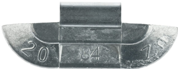
Series 84U - Zinc Uncoated - For steel wheels

With a legacy of delivering new ideas to the industry, we have done it again.
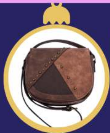
Pure Western Samara Bag $80.95
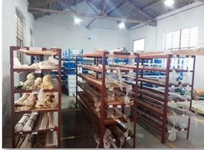
1. raw material warehouse
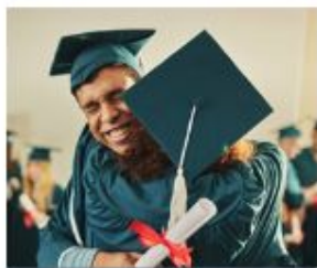
University-Educated Team Members
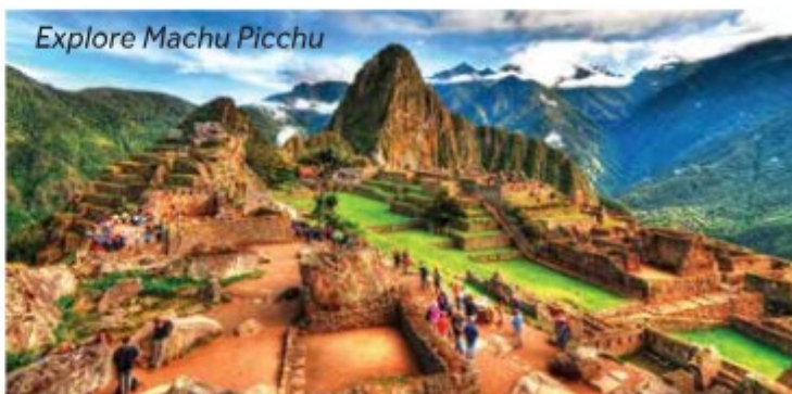
Explore Machu Picchu

You are free to further explore Machu Picchu on your own (entrance and shuttle tickets provided). Return to Cuzco in the afternoon.

--------------------------------------------------

* What you need to do
Please transcribe the listing above verbatim and exclude every picture.

* Answer area
Series 84U - Zinc Uncoated - For steel wheels

With a legacy of delivering new ideas to the industry, we have done it again.
Pure Western Samara Bag $80.95
1. raw material warehouse
University-Educated Team Members
Explore Machu Picchu

You are free to further explore Machu Picchu on your own (entrance and shuttle tickets provided). Return to Cuzco in the afternoon.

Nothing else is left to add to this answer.